Source records
━━━━
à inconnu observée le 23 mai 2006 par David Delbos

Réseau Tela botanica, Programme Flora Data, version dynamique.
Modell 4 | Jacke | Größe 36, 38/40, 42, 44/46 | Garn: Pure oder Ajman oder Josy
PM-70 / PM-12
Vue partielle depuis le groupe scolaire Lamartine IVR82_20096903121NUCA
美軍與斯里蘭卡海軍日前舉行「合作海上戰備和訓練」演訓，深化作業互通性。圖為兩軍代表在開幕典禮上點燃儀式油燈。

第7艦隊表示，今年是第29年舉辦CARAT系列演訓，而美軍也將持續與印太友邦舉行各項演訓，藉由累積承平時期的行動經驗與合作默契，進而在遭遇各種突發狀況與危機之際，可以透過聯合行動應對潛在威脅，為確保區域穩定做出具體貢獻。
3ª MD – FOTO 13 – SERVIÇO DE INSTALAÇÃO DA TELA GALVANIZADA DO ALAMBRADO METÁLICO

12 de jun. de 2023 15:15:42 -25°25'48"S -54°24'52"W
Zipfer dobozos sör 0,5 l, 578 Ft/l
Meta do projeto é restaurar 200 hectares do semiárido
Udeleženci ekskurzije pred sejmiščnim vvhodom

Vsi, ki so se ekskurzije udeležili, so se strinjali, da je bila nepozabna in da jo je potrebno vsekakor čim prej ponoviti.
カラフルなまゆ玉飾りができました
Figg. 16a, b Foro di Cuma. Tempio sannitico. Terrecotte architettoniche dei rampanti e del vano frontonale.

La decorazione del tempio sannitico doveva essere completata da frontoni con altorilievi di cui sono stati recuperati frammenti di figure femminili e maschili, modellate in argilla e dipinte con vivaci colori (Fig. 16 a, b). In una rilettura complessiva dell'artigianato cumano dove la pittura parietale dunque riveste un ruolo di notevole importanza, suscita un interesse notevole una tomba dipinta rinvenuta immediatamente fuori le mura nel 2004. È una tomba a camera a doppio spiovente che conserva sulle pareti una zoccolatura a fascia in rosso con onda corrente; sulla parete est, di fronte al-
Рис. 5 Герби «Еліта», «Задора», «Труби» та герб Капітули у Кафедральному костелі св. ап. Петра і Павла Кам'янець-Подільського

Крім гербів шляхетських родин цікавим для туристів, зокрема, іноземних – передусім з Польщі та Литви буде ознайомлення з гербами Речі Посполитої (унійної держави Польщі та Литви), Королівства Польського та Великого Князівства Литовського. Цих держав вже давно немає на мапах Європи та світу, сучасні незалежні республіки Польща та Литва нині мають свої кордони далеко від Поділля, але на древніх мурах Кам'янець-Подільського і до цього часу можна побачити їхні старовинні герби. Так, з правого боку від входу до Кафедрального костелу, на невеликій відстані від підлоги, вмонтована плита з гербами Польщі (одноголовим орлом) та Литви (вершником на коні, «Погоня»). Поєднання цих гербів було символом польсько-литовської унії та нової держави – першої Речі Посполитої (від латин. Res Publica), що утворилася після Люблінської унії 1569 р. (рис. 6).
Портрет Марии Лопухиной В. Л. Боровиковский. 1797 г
━━━━
§ **About this task**
Copy out all of the data exactly, leaving nothing out.

§ **Solution**
à inconnu observée le 23 mai 2006 par David Delbos

Réseau Tela botanica, Programme Flora Data, version dynamique.
Modell 4 | Jacke | Größe 36, 38/40, 42, 44/46 | Garn: Pure oder Ajman oder Josy
PM-70 / PM-12
Vue partielle depuis le groupe scolaire Lamartine IVR82_20096903121NUCA
美軍與斯里蘭卡海軍日前舉行「合作海上戰備和訓練」演訓，深化作業互通性。圖為兩軍代表在開幕典禮上點燃儀式油燈。

第7艦隊表示，今年是第29年舉辦CARAT系列演訓，而美軍也將持續與印太友邦舉行各項演訓，藉由累積承平時期的行動經驗與合作默契，進而在遭遇各種突發狀況與危機之際，可以透過聯合行動應對潛在威脅，為確保區域穩定做出具體貢獻。
3ª MD – FOTO 13 – SERVIÇO DE INSTALAÇÃO DA TELA GALVANIZADA DO ALAMBRADO METÁLICO

12 de jun. de 2023 15:15:42 -25°25'48"S -54°24'52"W
Zipfer dobozos sör 0,5 l, 578 Ft/l
Meta do projeto é restaurar 200 hectares do semiárido
Udeleženci ekskurzije pred sejmiščnim vvhodom

Vsi, ki so se ekskurzije udeležili, so se strinjali, da je bila nepozabna in da jo je potrebno vsekakor čim prej ponoviti.
カラフルなまゆ玉飾りができました
Figg. 16a, b Foro di Cuma. Tempio sannitico. Terrecotte architettoniche dei rampanti e del vano frontonale.

La decorazione del tempio sannitico doveva essere completata da frontoni con altorilievi di cui sono stati recuperati frammenti di figure femminili e maschili, modellate in argilla e dipinte con vivaci colori (Fig. 16 a, b). In una rilettura complessiva dell'artigianato cumano dove la pittura parietale dunque riveste un ruolo di notevole importanza, suscita un interesse notevole una tomba dipinta rinvenuta immediatamente fuori le mura nel 2004. È una tomba a camera a doppio spiovente che conserva sulle pareti una zoccolatura a fascia in rosso con onda corrente; sulla parete est, di fronte al-
Рис. 5 Герби «Еліта», «Задора», «Труби» та герб Капітули у Кафедральному костелі св. ап. Петра і Павла Кам'янець-Подільського

Крім гербів шляхетських родин цікавим для туристів, зокрема, іноземних – передусім з Польщі та Литви буде ознайомлення з гербами Речі Посполитої (унійної держави Польщі та Литви), Королівства Польського та Великого Князівства Литовського. Цих держав вже давно немає на мапах Європи та світу, сучасні незалежні республіки Польща та Литва нині мають свої кордони далеко від Поділля, але на древніх мурах Кам'янець-Подільського і до цього часу можна побачити їхні старовинні герби. Так, з правого боку від входу до Кафедрального костелу, на невеликій відстані від підлоги, вмонтована плита з гербами Польщі (одноголовим орлом) та Литви (вершником на коні, «Погоня»). Поєднання цих гербів було символом польсько-литовської унії та нової держави – першої Речі Посполитої (від латин. Res Publica), що утворилася після Люблінської унії 1569 р. (рис. 6).
Портрет Марии Лопухиной В. Л. Боровиковский. 1797 г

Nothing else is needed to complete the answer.